Investing in minority-owned businesses: An interview with Reginald Ross

Reginald Ross shares how MetLife Investment Management (MIM) Real Estate’s goal of investing over $500 million with women sponsors can impact communities and generations to come.

Hi Reginald, it’s great to see you. Tell us more about this particular goal. Why women-owned businesses?

Well, we’ll start with the importance of intention. Access to capital tends to be relationship driven, and most people’s relationships are largely within their own gender and ethnic groups. So, if you're not intentional about opening up relationships with communities of people outside of your own group, it is unlikely that you will in any meaningful way.

For a number of reasons, women have traditionally not had access to many parts of the commercial real estate business, and they’ve had even less exposure to the capital investment aspects of it. That’s why we’ve identified women as a traditionally underserved group for institutional investment and want to make sure we are creative in reaching them.

Moreover, if you think about it, you invest in a woman-owned company – because of what we mentioned before about relationships – then that company is likely to hire other women when the time comes. So, one direct investment can have spillover effects that go beyond that investment, but still advance our goals.

What's the bigger impact of this kind of investment for communities?

As one example, we've made some great inroads with a certain Latinx community in Texas with some of our agricultural loans. If these investments do well, then there is a track record with creating returns for investors that the individuals involved can point to when pursuing additional institutional capital, either with MetLife or other sources.Spillover happens for the community when those businesses expand and the individuals involved develop increasing levels of expertise in their existing products and leverage that into related projects, which will also have a need for, and potential access to, capital. The cycle then repeats itself.

These businesses can be passed down to children or create opportunities for other young people in the community. As such, we believe there's a spillover effect that can become self-sustaining, leading to a generational impact if we can make the right decisions now.

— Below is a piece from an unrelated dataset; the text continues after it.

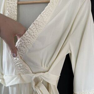 vintage valmode baby yellow robe 3/4 sleeves lingerie women's size small belted

What’s your advice for other companies interested in investing in minority-owned businesses?

I would say it's extremely important to be intentional, but you must balance that with making the right investments. You can't lower your investment standards. You can’t start doing things differently and risk diminishing the business you’re in, which is providing returns to investors.

In fact, you’d be doing that Latinx community mentioned in the prior question a disservice by becoming careless with your investment selection.. This is because the adage “once bitten, twice shy” applies to capital investment, maybe more so here than to anything else. A community where capital is “twice shy” is one that will simply have fewer opportunities to offer the people in that community.

However, what we’ve said from the beginning was that there are clever and hardworking equity sponsors and borrowers across all genders and ethnicities. You just may need to get a little more creative with finding them and making sure they know that you’re interested in their projects.